Activity: Pictures appear among the records below and must be omitted. Repeat exactly the lines from the line with "b) //// N //// SLS ////" to the line with "The image shows", both included.

*** Source material ***

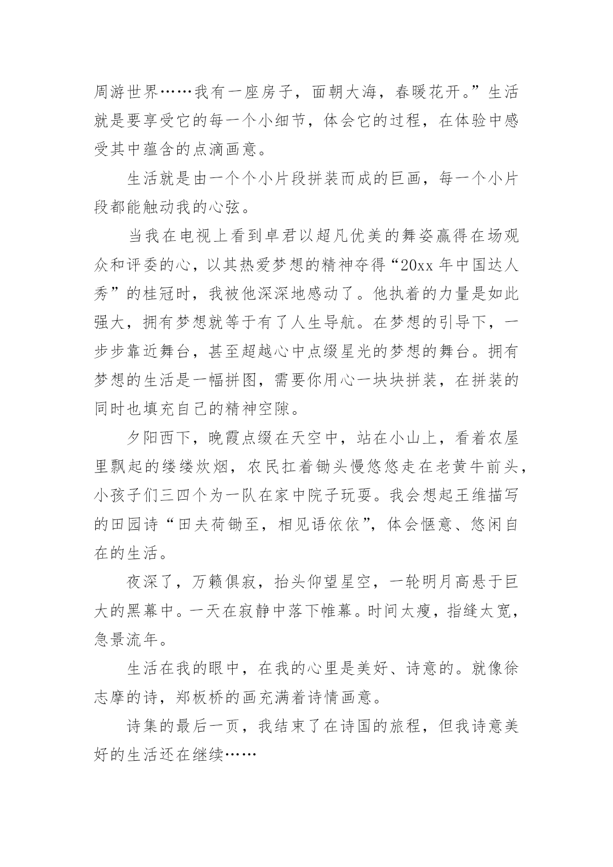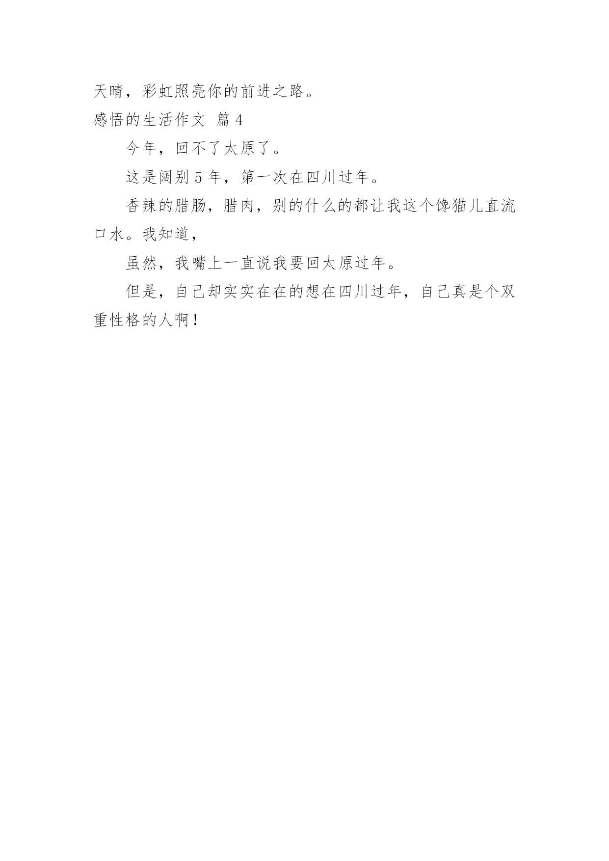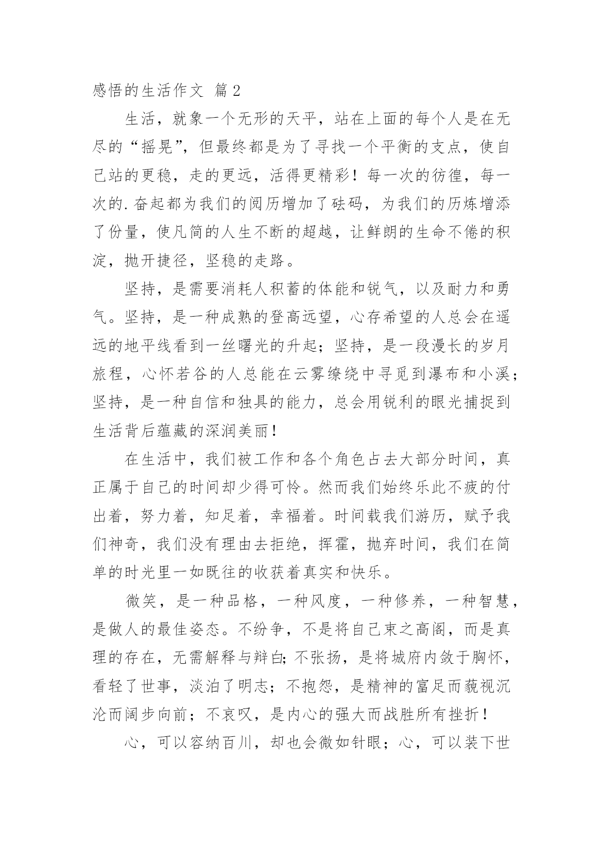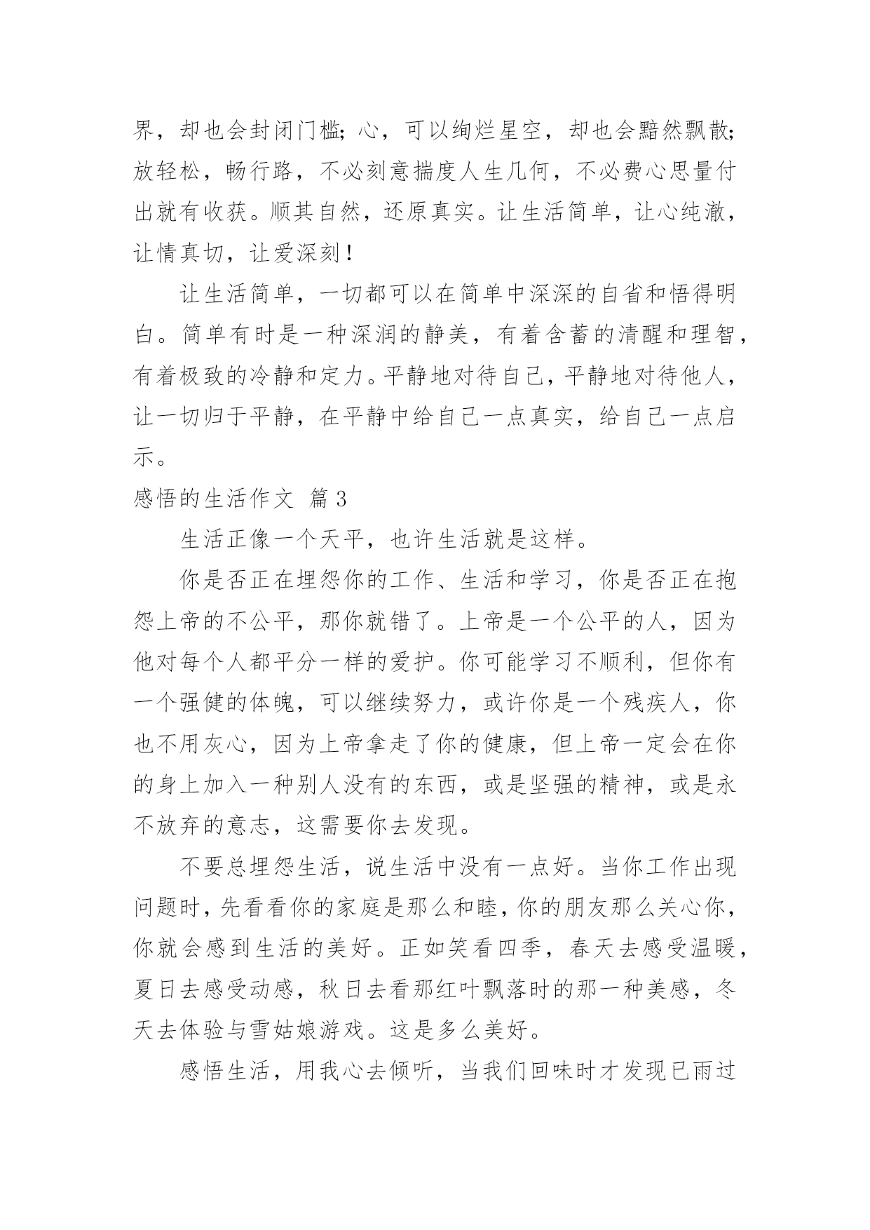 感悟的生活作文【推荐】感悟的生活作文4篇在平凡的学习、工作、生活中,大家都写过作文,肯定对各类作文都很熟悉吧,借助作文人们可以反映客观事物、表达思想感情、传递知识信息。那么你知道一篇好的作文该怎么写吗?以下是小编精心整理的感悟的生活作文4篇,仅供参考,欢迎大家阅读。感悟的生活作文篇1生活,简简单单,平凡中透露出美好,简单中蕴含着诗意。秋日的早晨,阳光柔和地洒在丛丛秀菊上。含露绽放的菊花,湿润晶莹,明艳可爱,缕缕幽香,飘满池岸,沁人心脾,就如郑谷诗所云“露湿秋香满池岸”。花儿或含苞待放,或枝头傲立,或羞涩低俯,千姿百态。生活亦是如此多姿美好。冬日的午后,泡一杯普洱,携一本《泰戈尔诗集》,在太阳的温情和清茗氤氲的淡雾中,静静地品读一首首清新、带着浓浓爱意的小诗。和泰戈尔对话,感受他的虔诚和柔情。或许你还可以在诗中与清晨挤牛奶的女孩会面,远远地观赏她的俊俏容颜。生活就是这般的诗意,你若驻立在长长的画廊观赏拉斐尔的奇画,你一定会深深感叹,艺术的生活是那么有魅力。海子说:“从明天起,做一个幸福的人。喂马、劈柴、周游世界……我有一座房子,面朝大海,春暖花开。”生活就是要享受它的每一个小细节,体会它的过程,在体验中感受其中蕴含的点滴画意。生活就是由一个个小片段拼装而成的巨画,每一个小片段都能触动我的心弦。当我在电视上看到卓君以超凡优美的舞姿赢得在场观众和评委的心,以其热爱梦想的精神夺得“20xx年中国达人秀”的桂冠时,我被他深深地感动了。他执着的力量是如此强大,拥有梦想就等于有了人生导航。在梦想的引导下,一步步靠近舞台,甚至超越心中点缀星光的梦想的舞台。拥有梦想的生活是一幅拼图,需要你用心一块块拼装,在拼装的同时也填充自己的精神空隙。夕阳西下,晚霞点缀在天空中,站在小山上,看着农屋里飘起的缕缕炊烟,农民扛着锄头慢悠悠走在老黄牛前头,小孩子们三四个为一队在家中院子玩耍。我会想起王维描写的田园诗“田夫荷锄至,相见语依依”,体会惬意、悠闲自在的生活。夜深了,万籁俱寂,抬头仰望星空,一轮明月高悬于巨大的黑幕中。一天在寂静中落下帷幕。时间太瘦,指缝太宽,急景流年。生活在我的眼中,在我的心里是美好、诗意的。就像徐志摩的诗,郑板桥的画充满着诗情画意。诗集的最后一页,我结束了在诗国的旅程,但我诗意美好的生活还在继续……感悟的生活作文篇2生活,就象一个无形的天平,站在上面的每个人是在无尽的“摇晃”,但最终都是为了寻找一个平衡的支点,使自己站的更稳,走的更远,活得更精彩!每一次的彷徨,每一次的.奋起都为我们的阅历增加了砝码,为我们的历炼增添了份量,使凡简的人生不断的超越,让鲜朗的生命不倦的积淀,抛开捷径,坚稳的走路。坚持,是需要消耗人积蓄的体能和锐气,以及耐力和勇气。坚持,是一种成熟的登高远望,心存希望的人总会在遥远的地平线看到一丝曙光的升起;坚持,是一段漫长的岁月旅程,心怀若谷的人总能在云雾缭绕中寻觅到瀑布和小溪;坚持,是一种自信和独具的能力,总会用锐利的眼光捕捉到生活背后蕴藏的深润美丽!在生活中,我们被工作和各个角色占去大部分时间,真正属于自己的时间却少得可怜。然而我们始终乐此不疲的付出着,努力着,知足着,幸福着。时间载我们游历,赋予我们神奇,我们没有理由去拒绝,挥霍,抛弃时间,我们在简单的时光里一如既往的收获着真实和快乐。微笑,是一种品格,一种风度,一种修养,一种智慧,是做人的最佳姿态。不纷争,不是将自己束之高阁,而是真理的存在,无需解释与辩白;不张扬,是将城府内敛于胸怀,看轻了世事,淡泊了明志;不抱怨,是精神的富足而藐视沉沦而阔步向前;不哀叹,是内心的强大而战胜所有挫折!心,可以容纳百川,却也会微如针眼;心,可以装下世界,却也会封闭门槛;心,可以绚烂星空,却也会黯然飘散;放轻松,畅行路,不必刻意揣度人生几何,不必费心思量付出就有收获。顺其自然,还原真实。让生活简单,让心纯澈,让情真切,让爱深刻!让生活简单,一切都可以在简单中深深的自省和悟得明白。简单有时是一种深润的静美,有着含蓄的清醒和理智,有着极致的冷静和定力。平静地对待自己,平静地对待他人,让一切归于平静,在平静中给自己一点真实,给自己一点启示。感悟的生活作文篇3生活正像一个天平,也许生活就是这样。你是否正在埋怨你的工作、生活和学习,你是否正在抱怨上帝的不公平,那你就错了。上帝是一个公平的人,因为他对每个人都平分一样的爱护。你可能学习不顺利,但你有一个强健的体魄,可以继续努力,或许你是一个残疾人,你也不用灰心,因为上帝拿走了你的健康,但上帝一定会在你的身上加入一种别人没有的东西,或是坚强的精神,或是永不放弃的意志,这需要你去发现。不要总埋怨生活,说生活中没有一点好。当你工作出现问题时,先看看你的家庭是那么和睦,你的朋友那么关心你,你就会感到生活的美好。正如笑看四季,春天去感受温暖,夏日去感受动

***
*** Source material ***

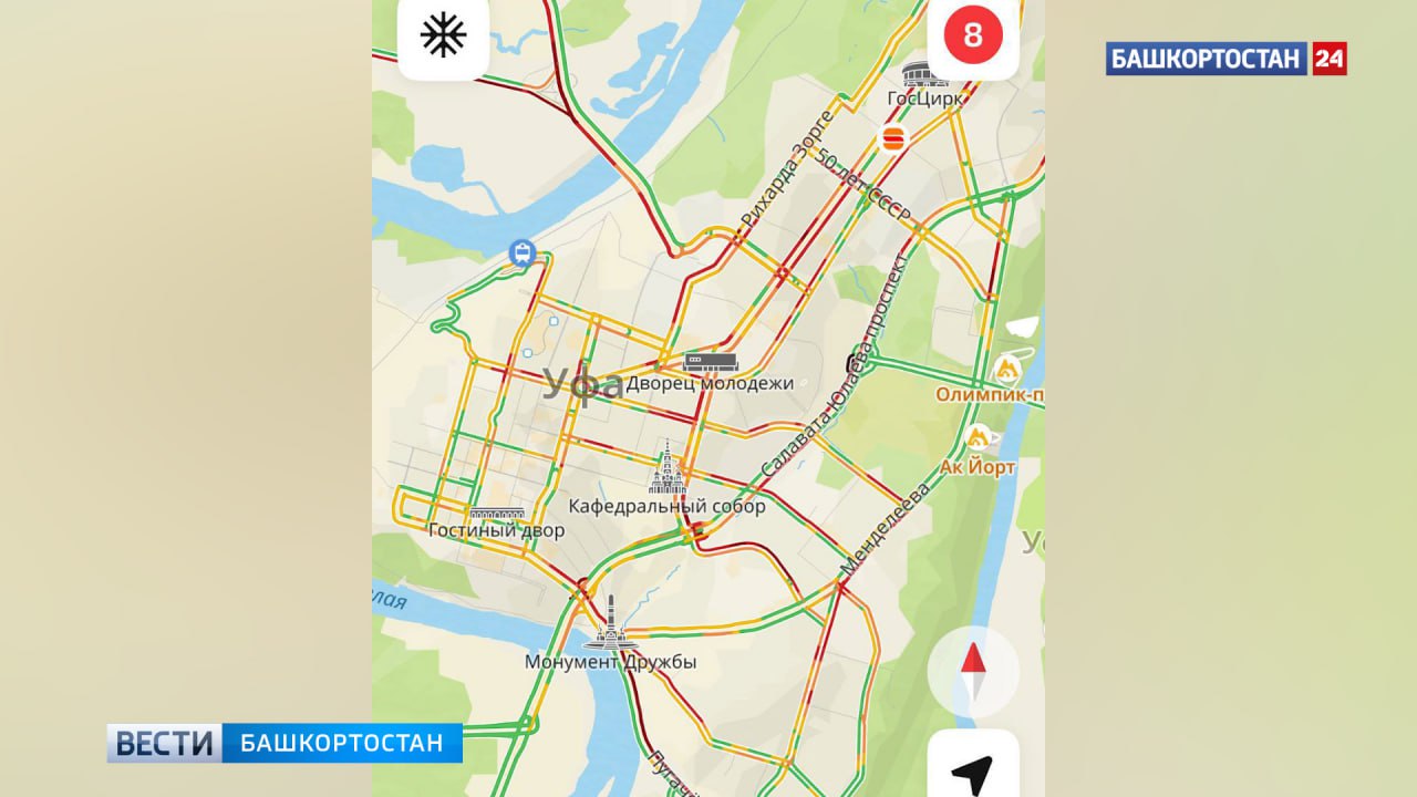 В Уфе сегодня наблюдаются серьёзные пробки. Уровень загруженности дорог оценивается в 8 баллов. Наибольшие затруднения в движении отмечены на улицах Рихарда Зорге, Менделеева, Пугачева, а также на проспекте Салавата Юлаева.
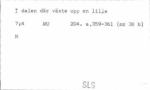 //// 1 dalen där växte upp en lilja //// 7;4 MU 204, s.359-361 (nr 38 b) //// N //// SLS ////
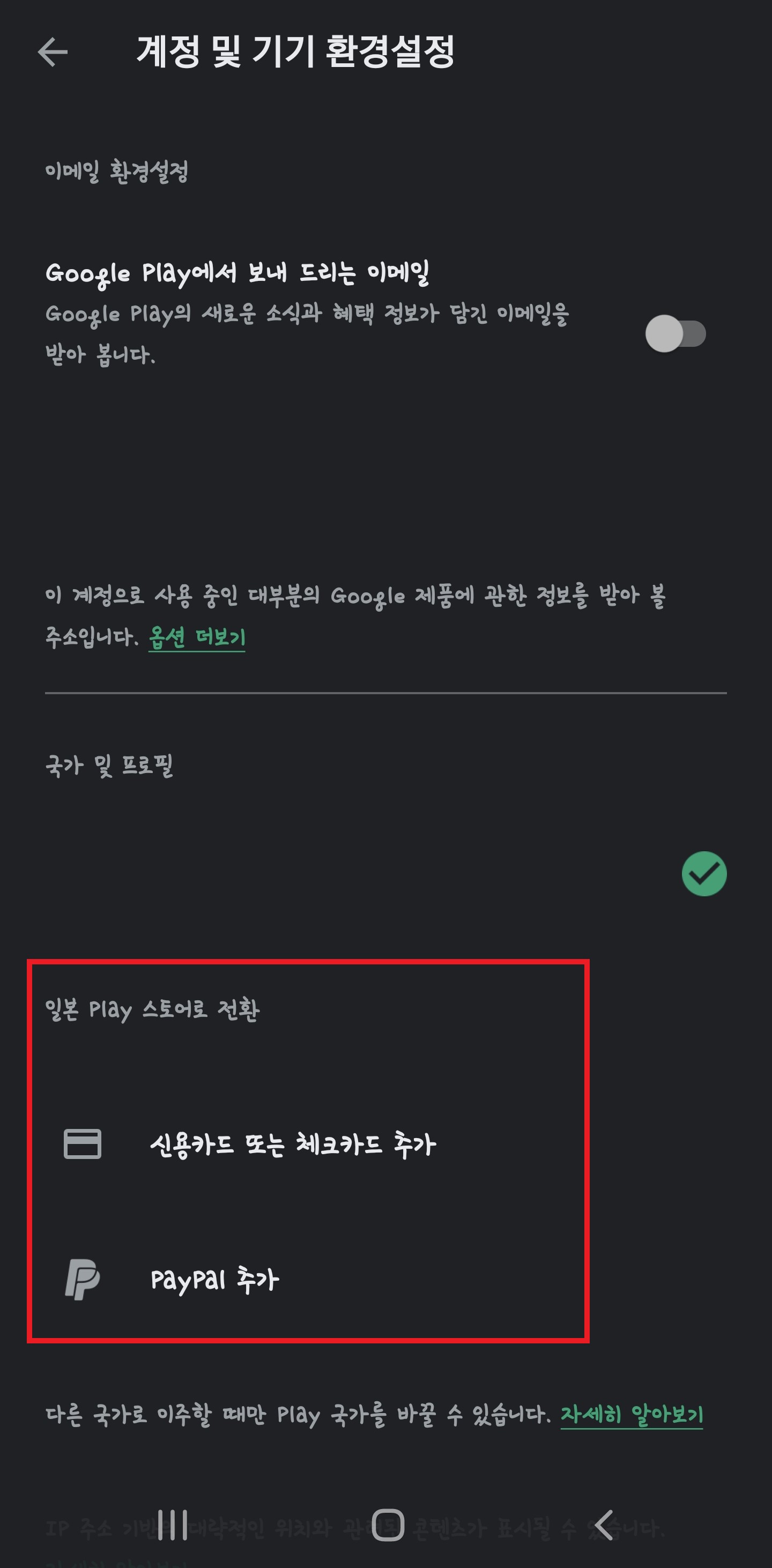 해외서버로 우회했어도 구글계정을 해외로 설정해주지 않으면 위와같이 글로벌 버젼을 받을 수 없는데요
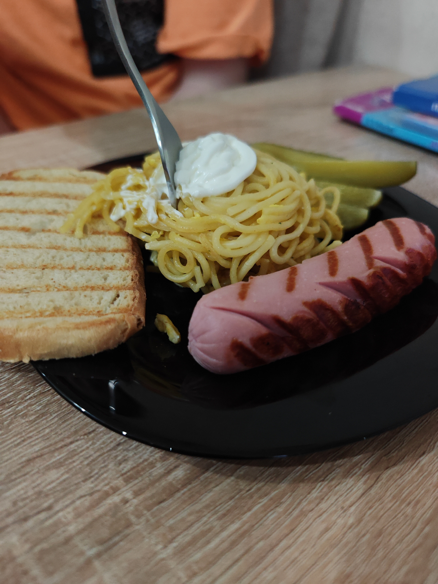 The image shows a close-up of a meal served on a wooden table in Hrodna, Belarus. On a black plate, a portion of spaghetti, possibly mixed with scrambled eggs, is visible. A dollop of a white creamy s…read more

***

Answer to this exercise:
 //// 1 dalen där växte upp en lilja //// 7;4 MU 204, s.359-361 (nr 38 b) //// N //// SLS ////
 해외서버로 우회했어도 구글계정을 해외로 설정해주지 않으면 위와같이 글로벌 버젼을 받을 수 없는데요
 The image shows a close-up of a meal served on a wooden table in Hrodna, Belarus. On a black plate, a portion of spaghetti, possibly mixed with scrambled eggs, is visible. A dollop of a white creamy s…read more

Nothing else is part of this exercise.